Ordering Information
| Product Name | Catalog # | UNIT | Price | Qty | FAVORITES | |
Aquaporin 4/AQP4 Double Nickase Plasmid (h) | sc-400258-NIC | 20 µg | $410.00 | |||
Aquaporin 4/AQP4 Double Nickase Plasmid (h2) | sc-400258-NIC-2 | 20 µg | $410.00 |
Human AQP4 encodes aquaporin-4, a major water channel enriched at astrocyte endfeet that supports rapid bidirectional water movement across the plasma membrane and helps maintain brain water homeostasis. By coupling with ion flux and neurotransmission, AQP4 contributes to astrocyte volume regulation, extracellular space dynamics, and glymphatic transport processes that influence clearance of interstitial solutes. Its polarized membrane localization is coordinated with perivascular scaffolding complexes and is tightly linked to blood–brain barrier physiology and osmotic stress responses.

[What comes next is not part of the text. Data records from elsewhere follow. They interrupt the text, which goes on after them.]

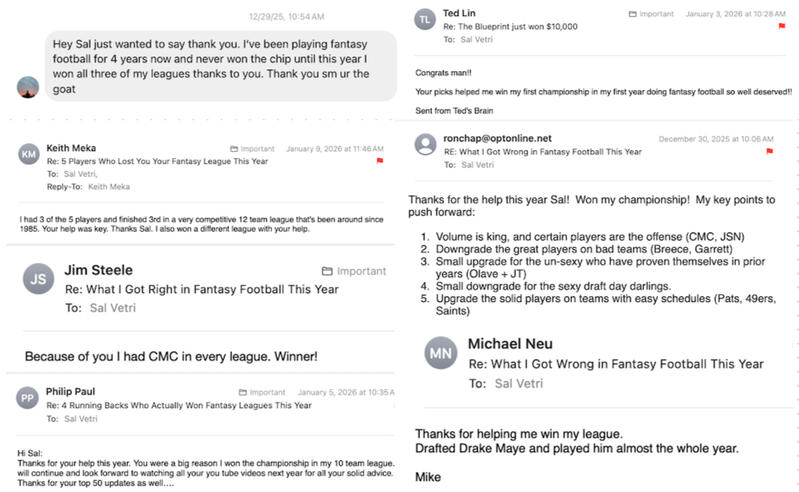 Within the next minute or two, you're going to get an email from me (Sal Vetri)This email contains instructions to get started with The Fantasy Football Playbook, so be sure to check it out!If you don't find the email in your inbox in the next couple of minutes, please check your spam folder :)
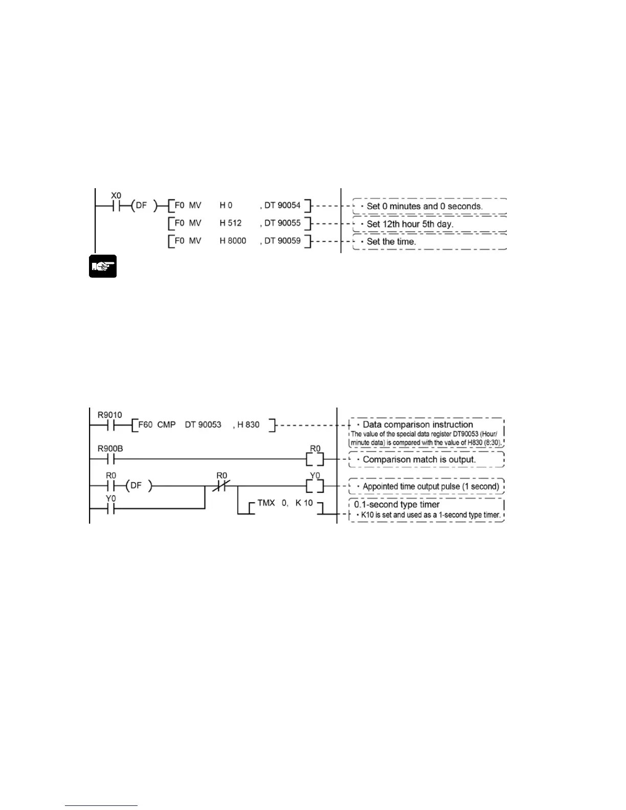Here, the “Hour/minute” data stored in the special data register DT90053 is used to output the signal at
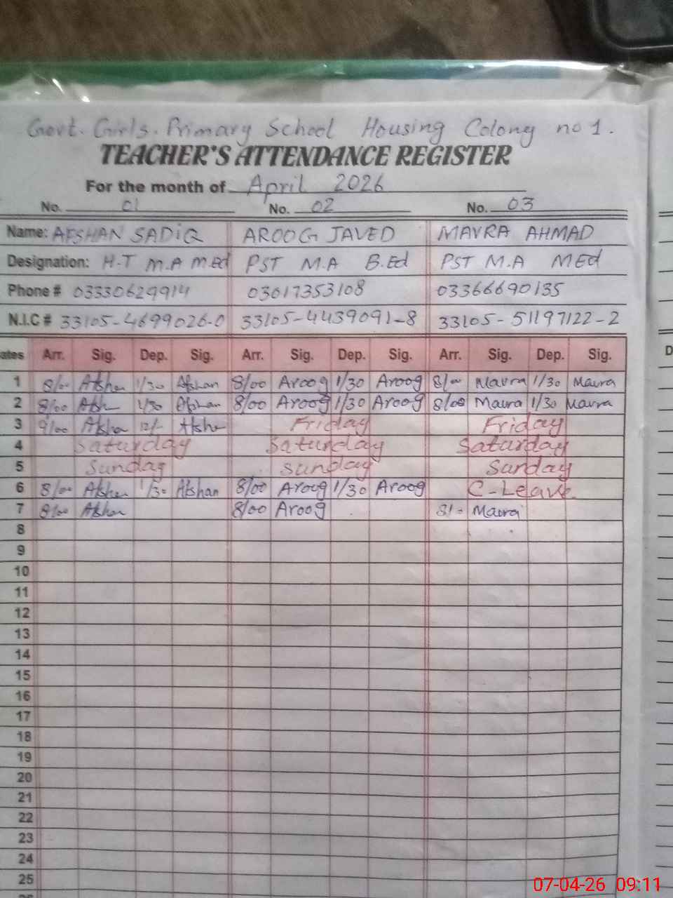 | CNIC | Full Name | Designation | R/C | Absence During Last Calender Month |
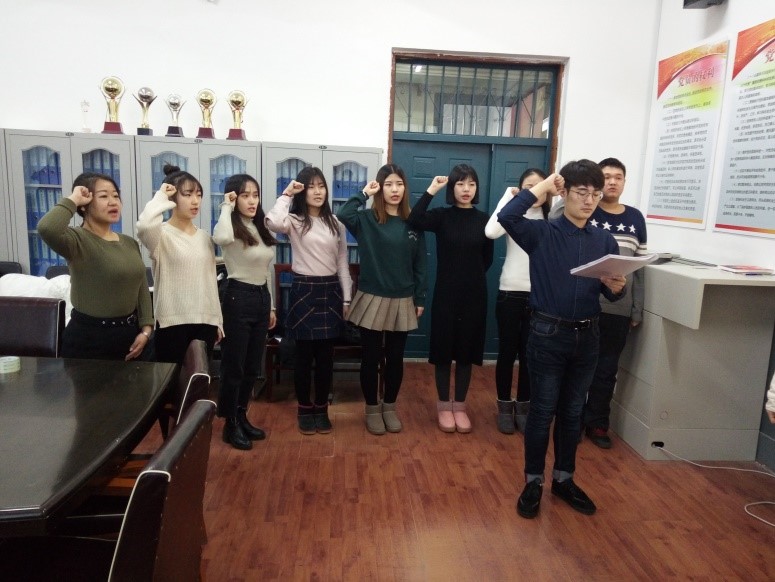 在南京大屠杀死难者国家公祭日之际,2017年12月13日澳门太阳成集团外国语学院在第二教学楼党员活动室举行了2017年下半年新发展党员的入党宣誓仪式。仪式由学生党支部书记胡晶主持,在庄严雄浑的《国际歌》旋律后,8名预备党员举起右拳,面向鲜红的党旗,庄严宣誓。每个预备党员都用发自内心的声音抒发对党忠诚的决心,在这特殊的一天,新党员接受了一次身心的洗礼。

Dysregulation of AQP4 expression or localization has been associated with neuroinflammatory and demyelinating disorders, cerebral edema, and altered seizure susceptibility, making it a key target for mechanistic studies of CNS fluid balance and glial biology.

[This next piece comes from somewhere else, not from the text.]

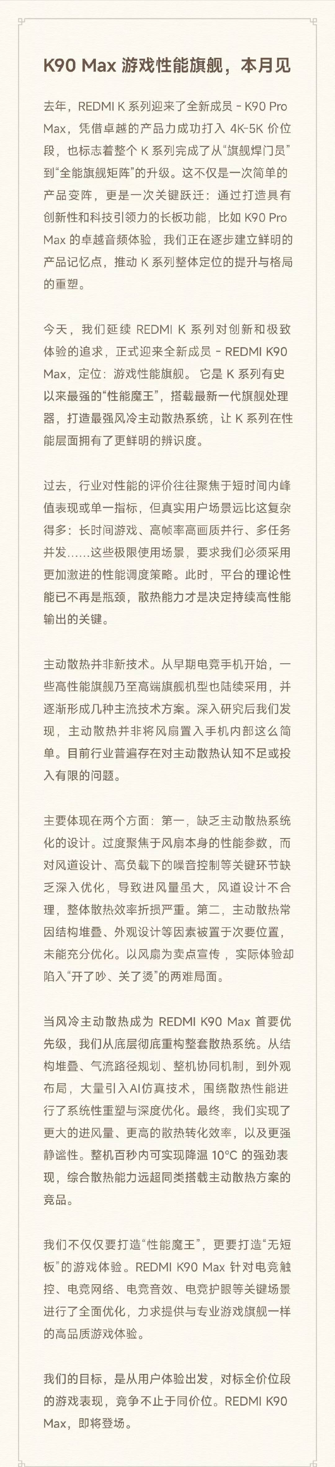 我们的目标是,从用户体验出发,对标全价位段的游戏表现,竞争不止于同价位。K90 Max 即将登场,敬请期待。
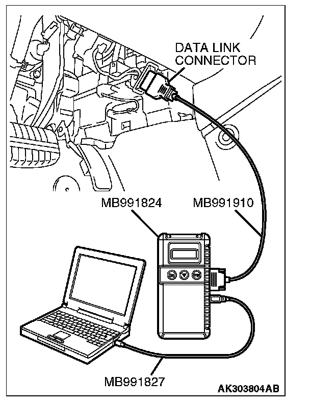 CAUTION: To prevent damage to scan tool MB991958, always turn the ignition switch to the "LOCK" (OFF) position before connecting or disconnecting scan tool MB991958.

Aquaporin 4/AQP4 Double Nickase Plasmid (h) consists of a matched pair of plasmids engineered for high-specificity editing of the AQP4 locus in human cell lines. Each plasmid expresses a Cas9 D10A nickase and a distinct sgRNA targeting opposite DNA strands within AQP4. When directed to adjacent sites on opposite DNA strands, the two nickases generate offset single-strand nicks that together produce a staggered double-strand break, requiring coordinated on-target activity from both guides. The resulting DNA break is resolved by endogenous cellular repair pathways, most commonly through non-homologous end joining (NHEJ), leading to insertions or deletions that disrupt AQP4 function. By requiring dual sgRNA engagement at the target locus, the double nicking approach enhances editing specificity and provides a complementary CRISPR strategy for applications where additional control over targeting precision is desired.
To support efficient identification of edited cells, one plasmid encodes GFP for fluorescent visualization of transfected populations, while the companion plasmid carries a puromycin resistance gene for antibiotic selection. Together, these features support efficient enrichment of co-transfected populations and simplify the validation of AQP4-disrupted clones.
For Research Use Only. Not Intended for Diagnostic or Therapeutic Use.